Application of the PageRank algorithm to evaluate microarrays

In September 2005, Julie L. Morrison et al. published an article in the journal BMC Bioinformatics called “GeneRank: Using search engine technology for the analysis of microarray experiments.” This article can be found here: http://www.biomedcentral.com/1471-2105/6/233

Every cell in an organism has the same genes, but different genes are “turned on” and “turned off” in different cells. Cells in the kidney, for example, express different genes than cells in the brain because they serve different functions. A microarray is an experimental technique where scientists can see the expression levels of thousands of genes in a group of cells. Scientists can then compare the microarrays to see the relationship between the cell’s function and gene expression. Microarrays may be compared between different organs, different times during embryonic development, cells treated with drugs versus cells not treated with drugs, cancerous versus non-cancerous cells, etc.

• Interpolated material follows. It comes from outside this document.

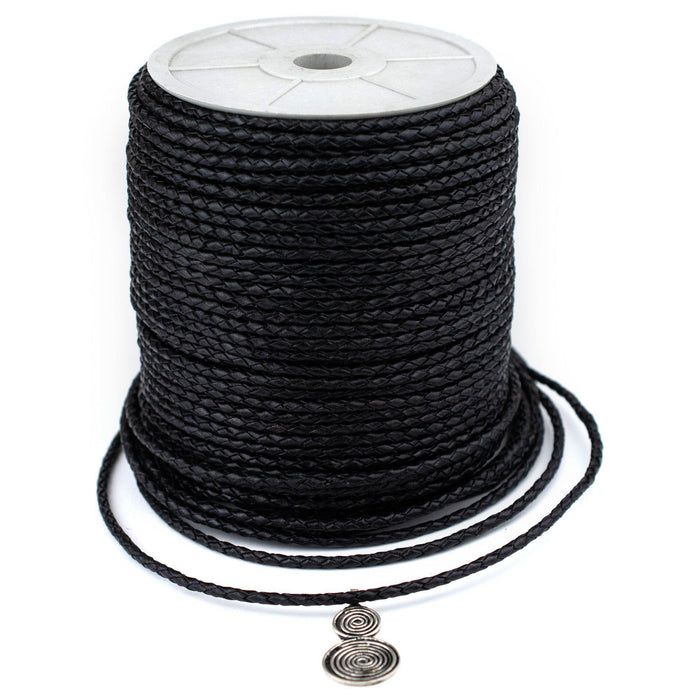 3.0mm Black Round Braided Bolo Leather Cord (3ft)
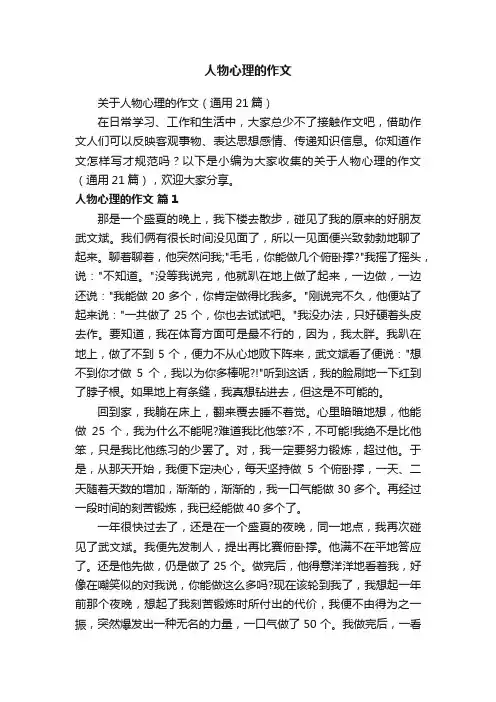 人物心理的作文关于人物心理的作文(通用21篇)在日常学习、工作和生活中,大家总少不了接触作文吧,借助作文人们可以反映客观事物、表达思想感情、传递知识信息。

Because of the huge sets of data involved, one challenge of microarray analysis is to prioritize the most important genes to analyze. Morrison et al. applied Google’s PageRank idea to the analysis of microarrays. In class, we discussed how PageRank ranks webpages. Similarly, GeneRank ranks the genes analyzed in the microarray. Analogous to the webpages that appear at the top of a search query that the web user will look first, the goal of GeneRank is to give a clear answer for what genes scientists should investigate first.

The structure of GeneRank closely mirrors the structure of Google’s PageRank. As we discussed in class, the basic idea behind PageRank is that webpages are highly ranked if there are links to it from other highly ranked webpages. Similarly in GeneRank, a gene is highly ranked if it is associated with other genes with high ranks. While a webpage is a node in PageRank, each gene is a node in GeneRank. In PageRank, hyperlinks represent edges. In GeneRank, edges are represented by previously known biological knowledge about the association between the two genes connected by the edge. Thus, GeneRank draws attention to the structural network connecting different genes.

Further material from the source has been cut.